Chemotherapy is equally a modern marvel of science and a special delivery straight from the fiery depths of hell. I’d love to pretend it is anything less than that, but it’s not. Every three weeks I sit in a lazy boy, stuffed with warm blankets (if needed), my laptop and a tv, receiving several hours worth of IV bags. It kills your cells, both healthy and cancerous. It takes you within an inch of your life for at least seven horrible days, and just when you start feeling better, it's time to go back for your next treatment. There’s something about lying in your bed wondering if this unfamiliar feeling of what can only be described as dying that gives a person some time to think and reorganize your priorities. It is the ultimate boot camp for survival, patience, faith, and self control. Chemo is bone pain, nausea, vomiting, fever, cold sweats, muscle cramps and spasms, losing your hair, and a constant terrible stomachache.

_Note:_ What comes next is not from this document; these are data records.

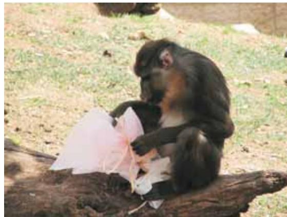
מנדריל ומשלוח מנות בפורים.

● "Zoo בגרות זו" - תכנית ראשונה מסוגה לתלמידי תיכון. כן, זו לא טעות - תוכנית מיוחדת לתלמידי כיתות י"א מבתי ספר ירושלמים מאפשרת להם לבצע עבודות חקר בתחומי העשייה השונים של גן החיות, ולזכות ב-5/4 יחידות לימוד בתעודת הבגרות.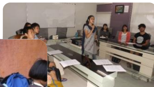
インド人講師によるクラスの様子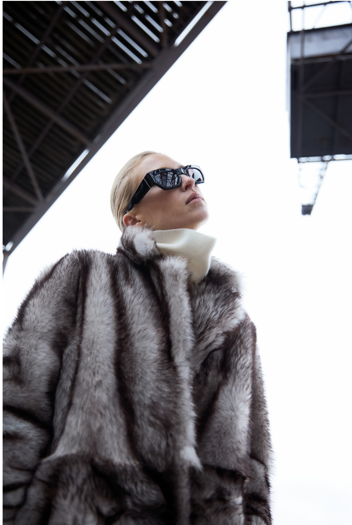
51269 CRYSTAL • Toscana • Hand Painted Siberian Wolf • 1.595€ • L Merino Straight Hair 0,4-0,5 mm • 1.175€

I've decided that I could be the military's secret weapon because I swear I am shooting fire out of my butt every time I go to the bathroom. I could end all war with the chemical warfare going on inside this body! I think that, like childbirth, if they told you what to really expect from chemo, nobody would do it. If I had only known what havoc it would wreak upon this poor body, I might have run away! It might make for a nifty party trick and it certainly gives the saying "shit-fire" a whole new meaning!
But on a lighter note, Hannah got her driver's license today! Watching her drive away this morning by herself was a little heart-wrenching. Now, don't get me wrong, this is a fabulous thing and I'm happy this day arrived. It's just that it makes you realize how fast they grow up and just how soon they will be leaving you. Time is fleeting and cancer makes me live with this realization every day.